それから――まるでビデオを早回しで見ているように――瞬く間に傷が塞がっていく。
数秒もすると、傷は跡形もなくなっていた。
「疲れた……カツ丼残ってる?」
「もう食べました」
「それじゃ帰りになんか買うか……」
安心したようにため息をついて。
「さてと。これが隠しルールその一、魔力ってやつ」
春原が話し始めた。
「人は皆持ってるんだよね、この魔力ってやつ。

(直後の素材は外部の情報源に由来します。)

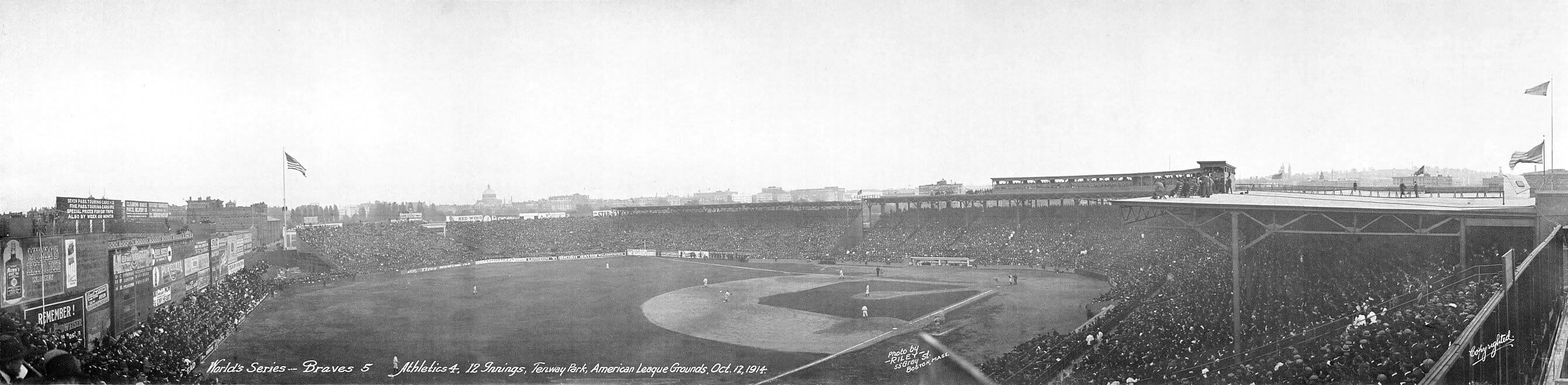 ON THIS DATE (October 13, 1914) ... Before the last ball of the World’s Series, Stuffy McInnis’ bounder, had gone halfway from Charlie Deal to Butch Schmidt across the diamond, the fans were pouring over the fences in a torrent. As the ball was safely caught, the Braves’ outfield started for their dugout, running as if for their lives before an infuriated mob. Every one of them made it; the bats were snatched in, and the whole club ducked hastily into the clubhouse. Only one player missed it, and he was promptly raised to men’s shoulders. It was only by the warmest sort of argument that he prevented his admirers from carrying him in triumph around the field. The fans swarmed round the dugout, thicker and thicker. From every stand they came, the whole playing field black with them, until one wondered how such a great multitude had ever been compressed into the seating space. The Athletics, in their mackinaws, came over in a group to shake hands and congratulate their opponents, now that the war was over. Only Connie Mack was missing, and he hung back, talking with friends, near his own dugout. All this took place in the fraction of a minute. By that time the Royal Rooters were formed up and ready to march. They came gaily around the field, stepping to cheer in front of the now empty Athletics cave, and marched straight into the gathering throng until they jammed there. They cheered, and would have cheered some more, but it was evident that there would be speechmaking shortly. The Rooters had other business, so they somehow skew jawed their band around, headed out of the press and went triumphantly on their way. Still the fans came, until there must have been more than 5,000 packed in a solid mass in front of the Braves’ camp. The crowd, dense to the very back, extended more than half-way across the diamond. Back of it people stood on chairs, many of them were women who were held in place by the most affectionate embraces, and didn’t mind it a bit. Mayor Curley came out on the roof of the dugout and addressed the crowd. He was eloquent, anybody could see that. But he was not satisfactory. What the crowd wanted was not Mayors, but Braves. And the Braves were for the moment engaged in personal adornment, getting rid of soil and into the garments of everyday life. Long before the Royal Rooters’ phalanx thumped in and across the field the last seat in the park was taken and round the smooth, level field a living wall, the center of a world anxiously banging on the ends of thousands of telegraph wires, waited for the supreme moment of the World’s Championship fight. The band played “The Star Spangled Banner” and as everybody rose and took off their hats the grandstand suddenly like a great pool table with bald heads for balls, scattered about thickly on its surface. The fans got action from the very jump out of the box, for Dick Rudolph’s first chuck was a strike. “Hey,” shouted the stands. Up went another swift one: whack! went the bat, and whiz – Johnny Evers to Butch Schmidt – and “Whee!” said the fans. Rube Oldring popped up a foul to Hank Gowdy, and once more the crowd yelled. The game was under way smartly, and doing business on every ball pitched, almost. A little later Oldring got a good-natured, ironical “hand” from the Royal Rooters for his hit, the only one he made in the World’s Series. Presently a foul ball dropped just outside the third-base stand. A fat fan jumped the fence, picked up the ball, waved it triumphantly and calmly put it in his hip pocket before climbing back to his seat. The crowd shouted with laughter – a Gargantuan rumbling, laughter – at his deliberation. And then, when the hits began to fly in the fatal fifth, and the championship of the world was put on ice, the real roar began, and never did cease again until the inning was finished. In the ninth there was one last comedy. A ball dropped in deep centerfield and Possum Whitted, a policeman and two or three fans started after it. The fan got it first; the policeman fell on him, one or two others fell on the policeman, and the whole mess was rolling on the ground, until Whitted came down on them and took the ball away from the lot of them. It took until dark to get all the people out of the park, and when they all fully realized that they had seen a World’s Series won it took them no time at all to start celebrating. In consequence, some of yesterday’s crowd hasn’t got home yet.

使い道は傷を塞ぐくらいしかないけど、とにかくさ。世界には君の知らないことがまだまだあるって言いたかったの」
目の前で見たことを整理して、記憶と照らし合わせる。
散弾を受けてなお平然としていたあの姿を思い浮かべた。
「……スサノオも使っていた、と?」
「NSは使えるだろうね。私は会ったことないけど」
「それは、どういう意味で?」
「持ってるだけか、使い方を知ってるかでは全然違うでしょうよ」
確かにそうだ。
スサノオは人間だと仮定しておくが、この魔力とやらが身体強度の原因なのか。
それだけではない気もするが……何より驚いたのは、自分が魔力なんていう突飛なものをすんなり受け入れた事実。
少し前の自分なら考えられない順応力だ。
春原は分かっているのだろう。僕が現場で何を見て、いや、そもそもどうやって方舟に行くことになったか。何らかの方法で知ったんだ。
この地区には似合わない調査力。異世界というものを容認する心持ちゆえか。
興味が湧いた。
春原の手がギュッと丼を掴んで、傍に置かれていた蓋をする。
ボクの期待を汲み取ったのか、情けない表情をかき消して、春原が言った。